Abandon All Morals
Ye Who Enter Here

Wednesday, May 6, 2015


Mmmmmm. Have you ever seen a better sight?....Me either.

Daily Joke

To Do List:
1. Eat vanilla pudding. Put in mayo jar. Eat in public. 2. Hire two private investigators and make them follow each over.
3. Wear shirt that says "life." Hand out lemons on the corner.
4. Get in a crowded elevator and say "I bet you are all wondering why we are here today." 5. Major in philosophy. Ask people why they like that with their fries.        6. Run into store and ask what year it is. When someone answer, yell "It worked!" 7. Become a doctor. Change last name to Acula. 8. Buy a parrot. Teach the parrot how to say "help I have been turned into a parrot." 9. Change first name to Simon and talk in third person. 10. Follow joggers around in the car blasting " Eye of the Tiger" for encouragement. Warning: I am not responsible if you get arrested or simply hit in the face.

Tuesday, May 5, 2015

Daily Joke

5yr old: Can we go to a haunted house this year?
Mom: What's wrong with the one we live in?
5yr old: WHAT?!
Mom: Goodnight, son.

Sunday, May 3, 2015

Daily Joke

Officer: "Is that cocaine?"
Me:  "I dunno, let me smell it..."

(Boom! No evidence!)

Saturday, May 2, 2015

Daily Joke

"You the bomb!"
"No. You the bomb!"
Kind gesture in America. Argument in the Middle East.

Friday, May 1, 2015

Saying goodbye to Alex O'Loughlin....and hello to Dylan O'Brien!! Yum! Yum!

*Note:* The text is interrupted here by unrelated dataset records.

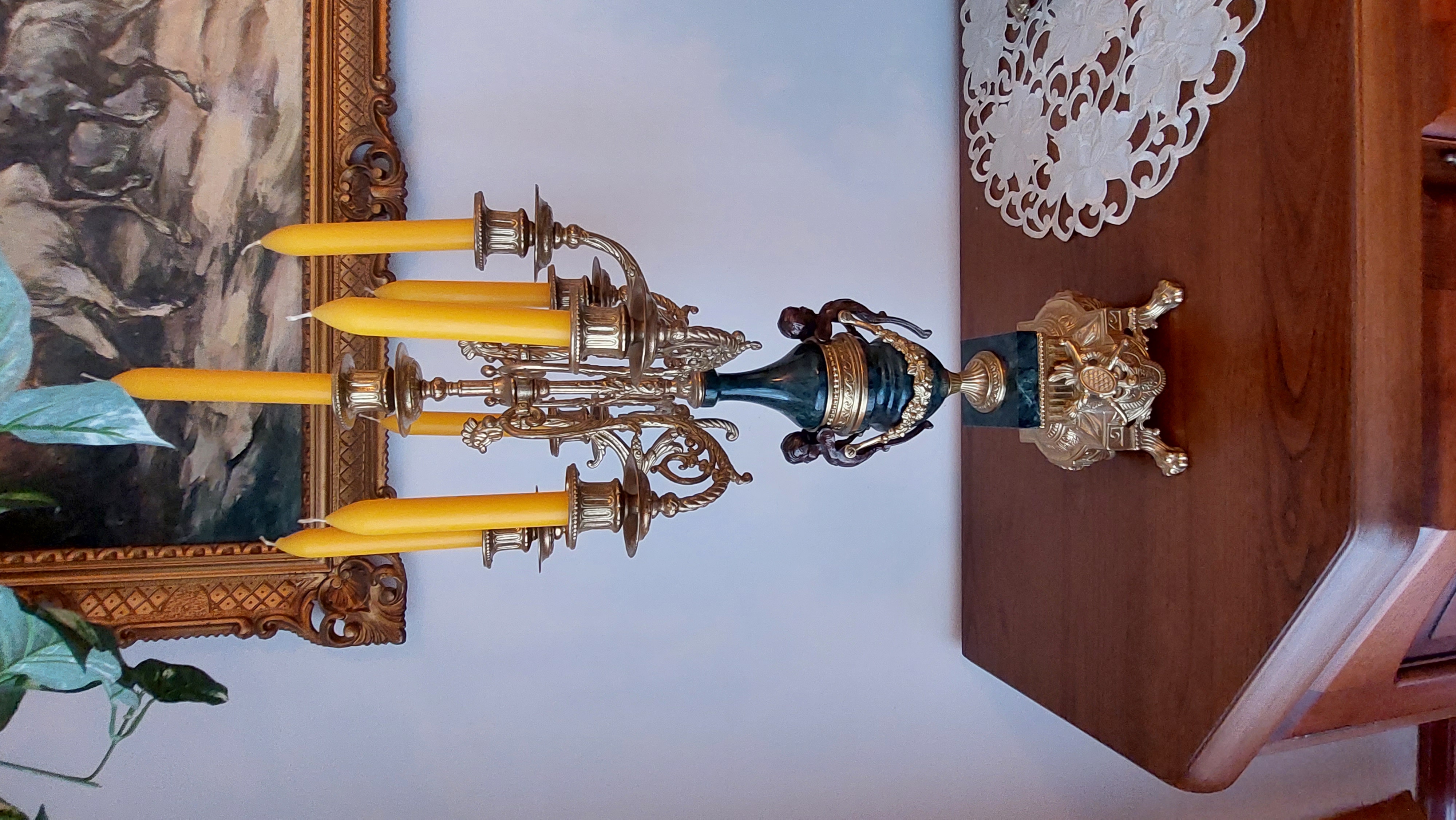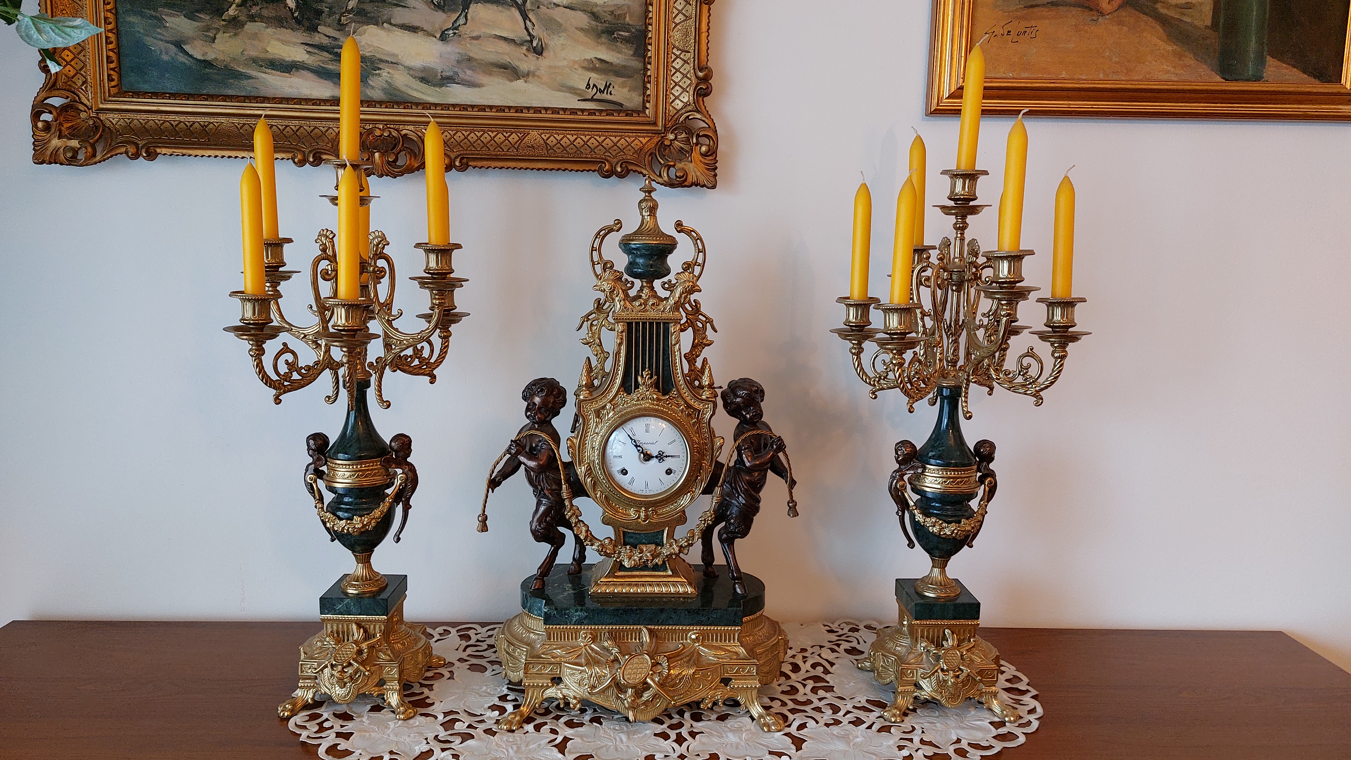 Przedmiotem sprzedaży jest pałacowy duży komplet Zegar z kandelabrami. Kraj pochodzenia Włochy, wykonany w stylu barokowym. Mechanizm sprawny po konserwacji. Wykonany z mosiądzu, z ornamentami z marmuru wraz z ozdobnymi amorkami. Stan bardzo dobry, do postawienia na kominku lub komodzie.
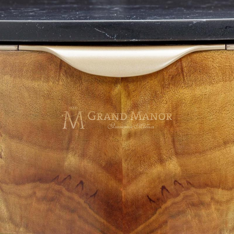 Три выдвижных ящика обиты бархатом и оснащены самозакрывающимися направляющими.
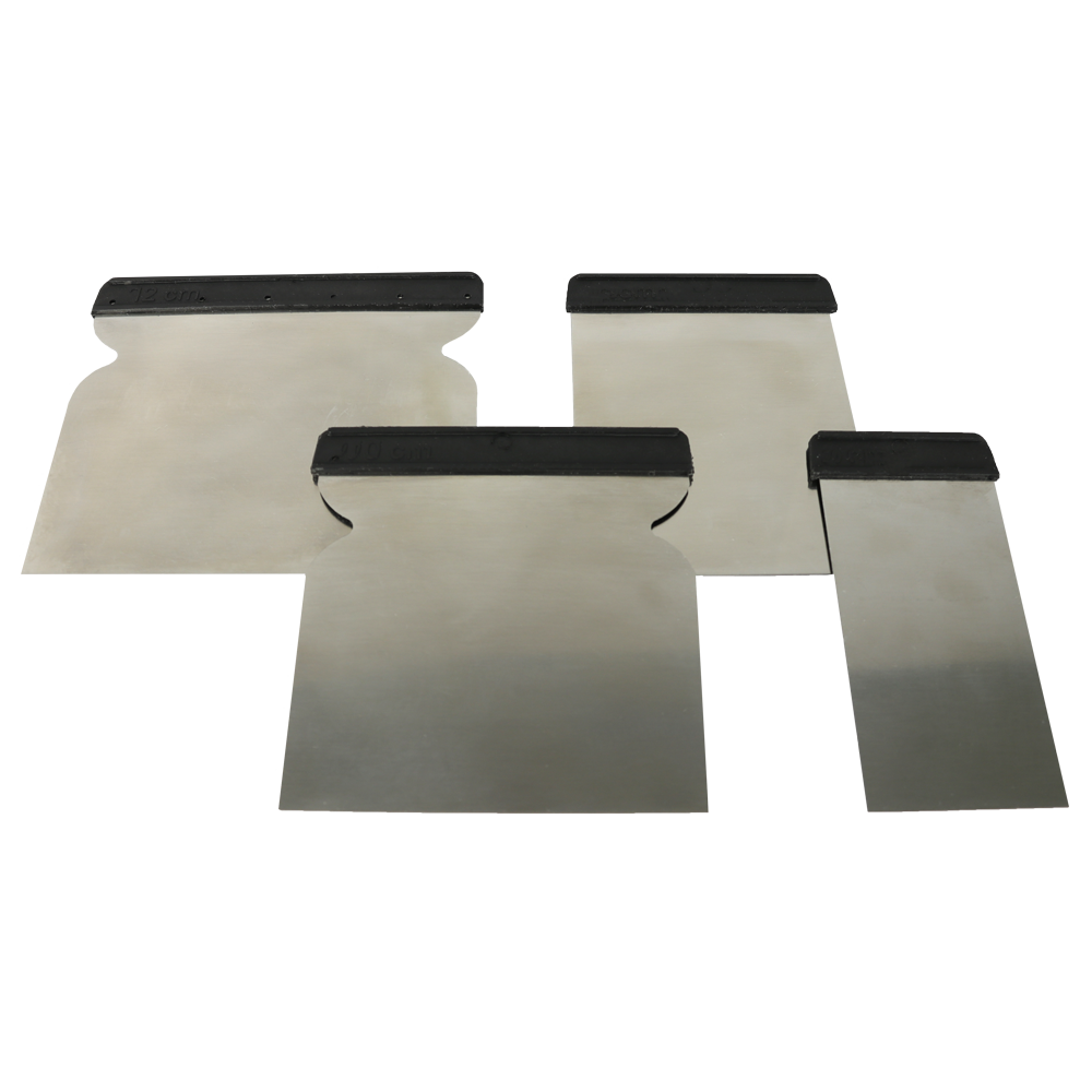 Conjunto de Betumadeiras Auto Flux em aço inoxidável flexível, ideal para betumar carroçarias de automóveis.
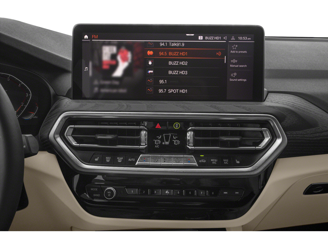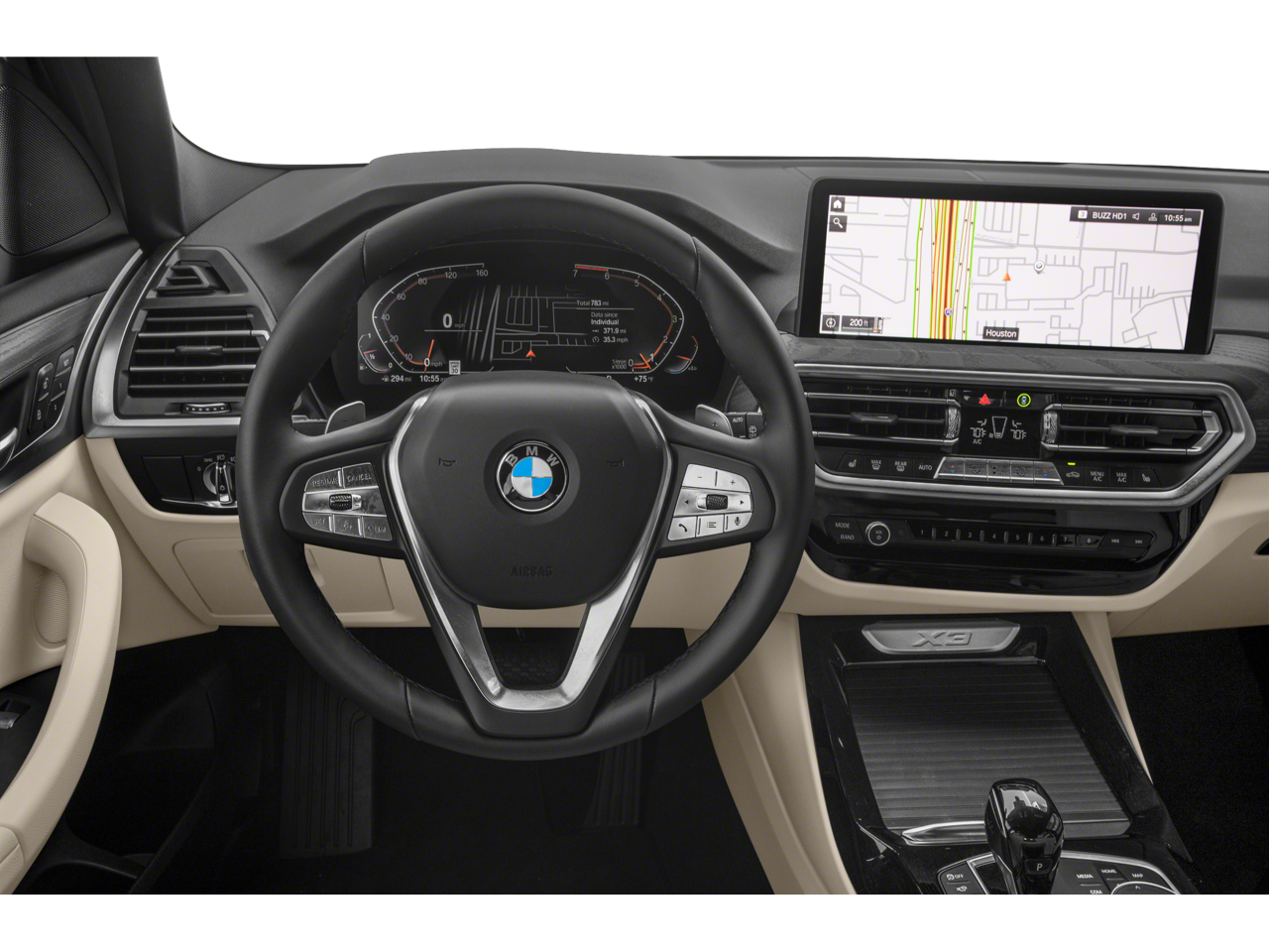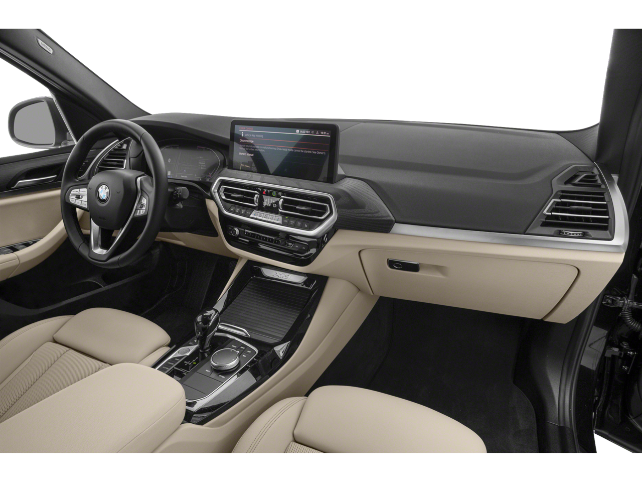 8-Speed Automatic Sport, 12 Speakers, 3.385 Axle Ratio, 4-Wheel Disc Brakes, ABS brakes, Aerodynamic Kit, Air Conditioning, Alloy wheels, Aluminum Trim, AM/FM Radio, AM/FM radio: SiriusXM, Apple CarPlay & Android Auto Compatibility, Auto High-beam Headlights, Auto-dimming door mirrors, Auto-dimming Rear-View mirror, Automatic temperature control, BMW Assist eCall, BMW TeleServices, Brake assist, Bumpers: body-color, Comfort Access Keyless Entry, Connected Package Pro, ConnectedDrive Services, Delay-off headlights, Driver door bin, Driver Lumbar Support, Driver vanity mirror, Dual front impact airbags, Dual front side impact airbags, Electronic Stability Control, Emergency communication system: BMW Assist eCall, Enhanced USB & Bluetooth® w/Smartphone Integration, Extended Shadowline Trim, Exterior Parking Camera Rear, Four wheel independent suspension, Front anti-roll bar, Front Bucket Seats, Front Center Armrest, Front dual zone A/C, Front reading lights, Front Ventilated Seats, Fully automatic headlights, Garage door transmitter, Genuine wood dashboard insert, Genuine wood door panel insert, harman/kardon Surround Sound System, Head-Up Display, Heated door mirrors, Heated Front Seats, Heated Steering Wheel, Hi-Fi Sound System, Illuminated entry, Knee airbag, Live Cockpit Pro w/Navigation, Low tire pressure warning, Lumbar Support, M Shadowline Lights, M Sport Package, M Sport Package (337), M Steering Wheel, Memory seat, Navigation, Navigation System, Occupant sensing airbag, Outside temperature display, Overhead airbag, Panic alarm, Panoramic Moonroof, Passenger door bin, Passenger vanity mirror, Perforated SensaTec Upholstery, Power door mirrors, Power driver seat, Power Front Seats, Power Liftgate, Power passenger seat, Power steering, Power windows, Premium Package, Radio data system, Rain sensing wipers, Rear air conditioning, Rear anti-roll bar, Rear reading lights, Rear seat center armrest, Rear window defroster, Rear window wiper, Remote keyless entry, Roof Rails in High-Gloss Shadowline, Security system, Shadowline Exterior Trim, Shadowline Package, SiriusXM Satellite Radio, Smoke Grey Aluminum Rhombicle Trim, Speed control, Speed-sensing steering, Speed-Sensitive Wipers, Split folding rear seat, Spoiler, Sport Seats, Sport steering wheel, Steering wheel mounted audio controls, Tachometer, Telescoping steering wheel, Tilt steering wheel, Traction control, Trip computer, Turn signal indicator mirrors, Variably intermittent wipers, Wheels: 19 x 7.5 M Y-Spoke Bi-Color (Style 887M), Wheels: 19 x 7.5 Y-Spoke (Style 693), Wheels: 20 x 8.0 Fr & 20 x 9.5 Rr (Style 699M), WiFi Hotspot, Without Exterior Lines Designation, 8-Speed Automatic Sport. 2023 BMW X3 xDrive30i
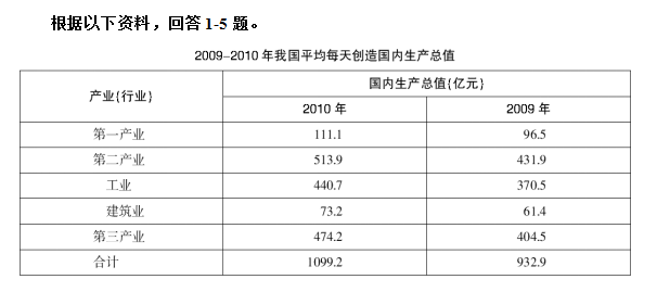 2.与2009年相比,2010年平均每天创造国内生产总值增长最快的产业(行业)是( )
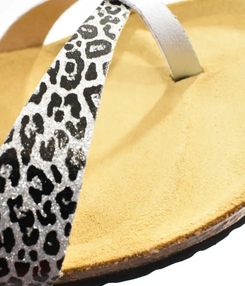 This modern thong sandal stands out with it’s combination of Metallic Silver and Leopard Print Straps. The contoured cork footbed ensures a very comfortable fit. A great style perfect for holidays!
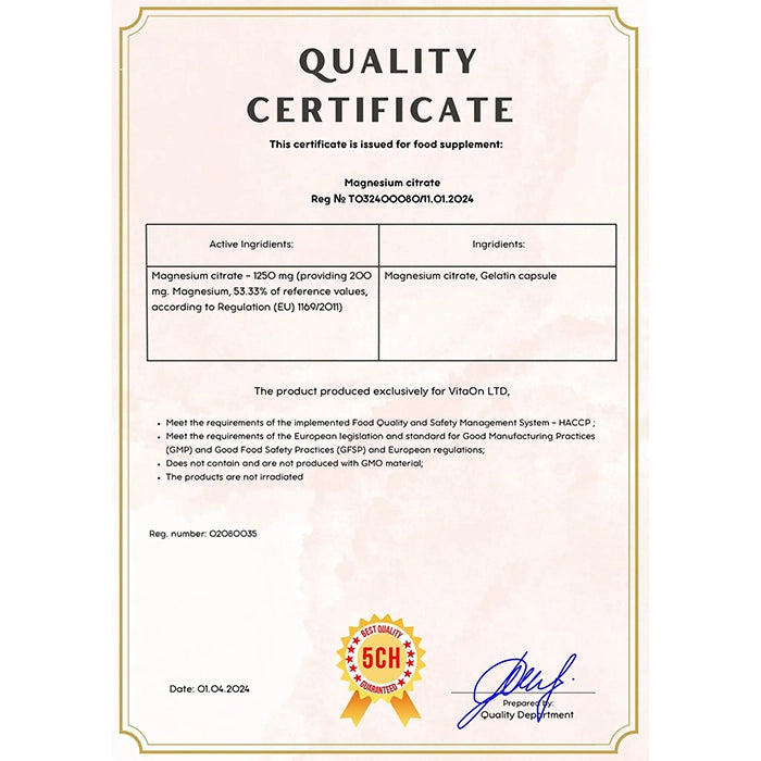 Dôvera našich klientov je našou hlavnou prioritou. Preto je horčíkový citrát od VitaOn vytvorený bez kompromisov v kvalite. Výroba prebieha podľa štandardu Dobrej výrobnej praxe (GMP) – zlatý štandard v odvetví, ktorý zaručuje prísnu kontrolu každého kroku pre maximálnu čistotu, bezpečnosť a účinnosť. Pre úplnú transparentnosť a garanciu autenticity má každý produkt registračné číslo T032400080, vydané agentúrou pre bezpečnosť potravín.
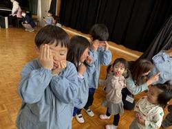 ↓ 年長さんと向き合って、にらめっこ対決!本気でやっているので、すごい顔になってます。年長さんの本気の変顔に乳児さんは目を丸くしていました( *´艸`)
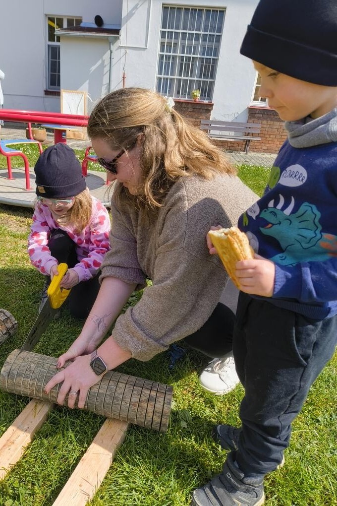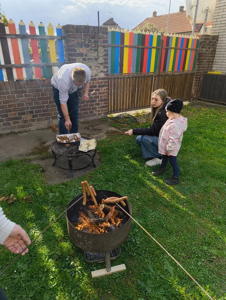 Děkujeme tatínkovi Stelinky ROSOVÉ za technickou podporu a velký kus práce, kterou je součástí našich aktivit na zahrádce, poskytl ohniště, vidlice a dřevo na opékání, zapůjčil nářadí.
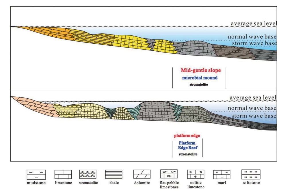根据对鄂尔多斯盆地两个新发现的微生物丘的研究,这些微生物丘是发育的位于下寒武统地幔组底部和中寒武统徐庄组中部,以及这两个剖面都发育成了叠层石。相比之下,西磑口剖面的微生物群规模更大与青龙山段相比。两个剖面的叠层石中有各种类型的孔隙。原生孔隙为由于后期改造逐渐减少,溶蚀孔隙和微裂缝相对发育。因为具有良好的孔隙度,实验研究表明,微生物丘也可以产生碳氢化合物,因此微生物丘可作为良好的储层和烃源岩。
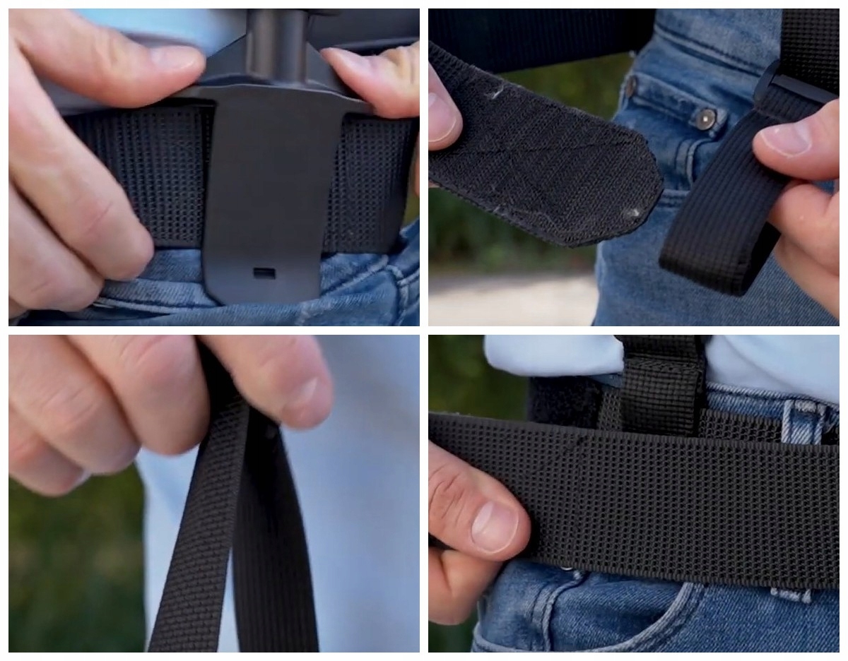 - Przełóż materiałowy pas przez prawe ramię od tyłu i zaczep o pasek spodni.

He's hilarous in Teen Wolf and I so loved him in The Maze Runner. Although I like Teen Wolf better, hello shirtless werewolves, kind of a no brainer. I also love his smile. When he smiles, I wanna smile. How can you not. Go on, look at the grin on that hot face and try not to smile to......that's what I thought.
Lets also not forget the fact that he's completely edible.


Daily Joke

Bumblebees don't sting you they they just ignore you, and in some ways.. that hurts more.